Once your snapshot or sequence file is imported, you should run the validator to check if there are any rows with mismatched data.

  1. Set the environment variables.
    PROJECT_ID=your-project-id
    INSTANCE_ID=your-instance-id
    TABLE_NAME=your-table-name
    REGION=us-central1
    
    SNAPSHOT_GCS_PATH="$BUCKET_NAME/hbase-migration-snap"
    
  2. Run the sync job.
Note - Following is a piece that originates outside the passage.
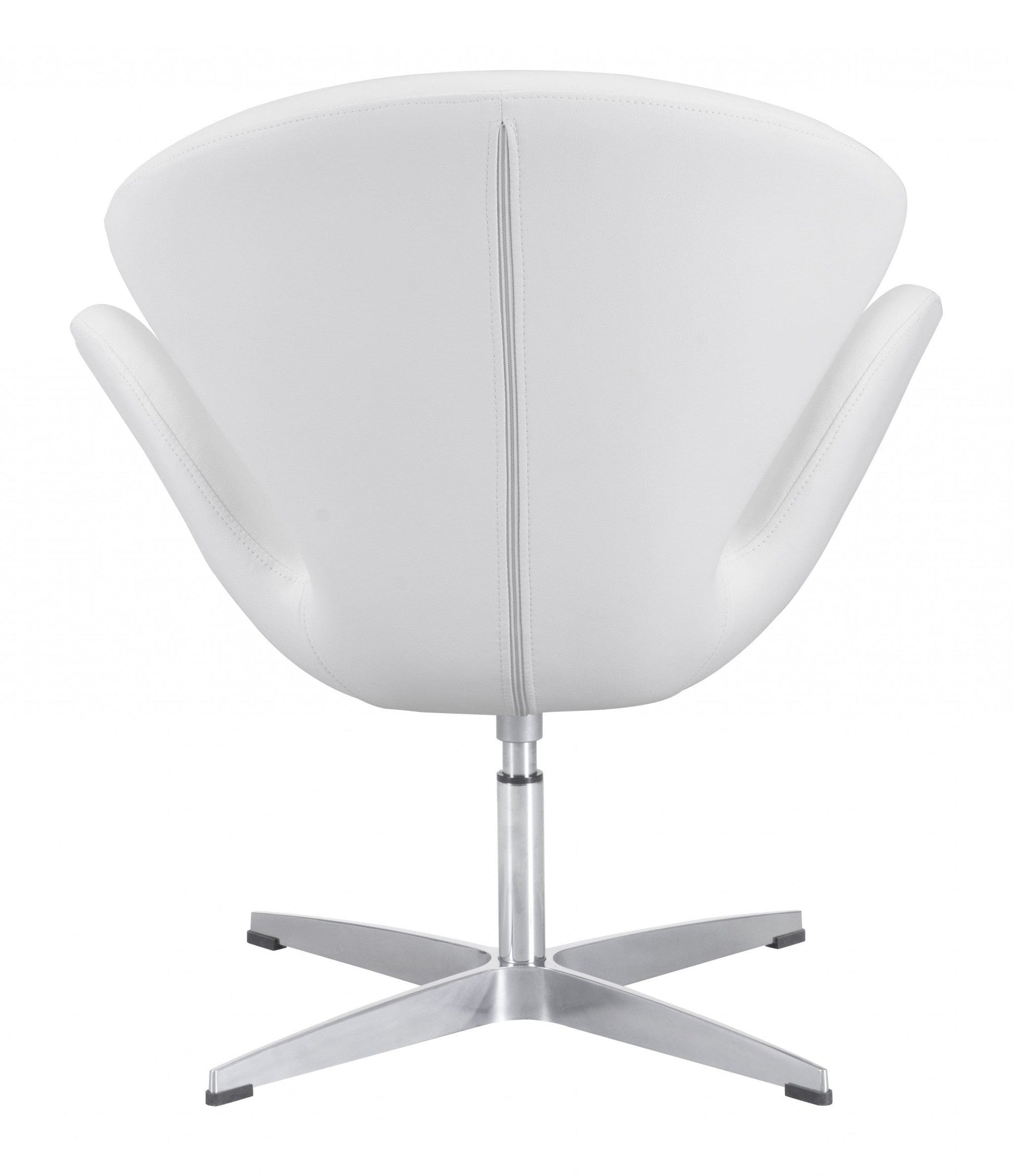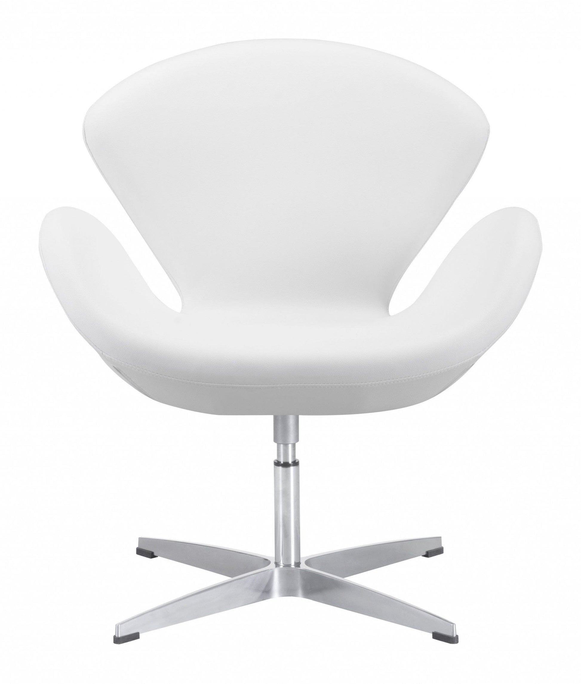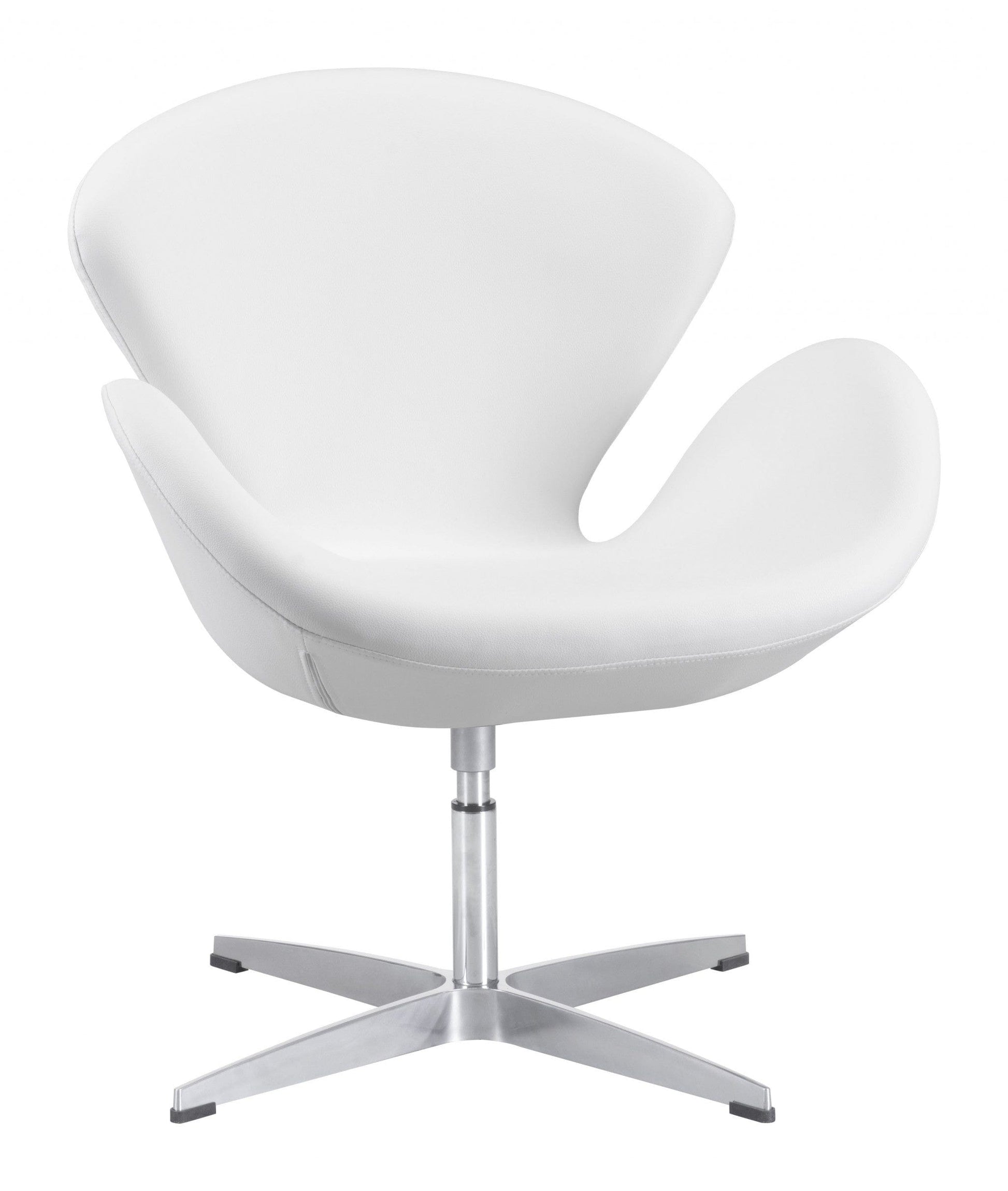 The perfect way to add a pop of neutral design to any seating space in your home this White Scoop Swivel Chair is comfort and style all in one. The base of the chair is made from steel and is colored to a silver finish. The base has a four spoke design with stoppers on either end to help with stability. The central rod that rises up holds the seat in place and allows it to swivel around easily. The scoop seat on top has a deep seat with a tapered back support. The white fabric covering the seat and back works well with the silver base. Use this chair in your home office your library as extra seating or in your actual office space. 30" H x 28" W x 26.8" D

It will put the results into $SNAPSHOT_GCS_PATH/data-verification/output-TIMESTAMP.
    java -jar bigtable-beam-import-2.3.0.jar sync-table  \
        --runner=dataflow \
        --project=$PROJECT_ID \
        --bigtableInstanceId=$INSTANCE_ID \
        --bigtableTableId=$TABLE_NAME \
        --outputPrefix=$SNAPSHOT_GCS_PATH/sync-table/output-${date +"%s"} \
        --stagingLocation=$SNAPSHOT_GCS_PATH/sync-table/staging \
        --hashTableOutputDir=$SNAPSHOT_GCS_PATH/hashtable \
        --tempLocation=$SNAPSHOT_GCS_PATH/sync-table/dataflow-test/temp \
        --region=$REGION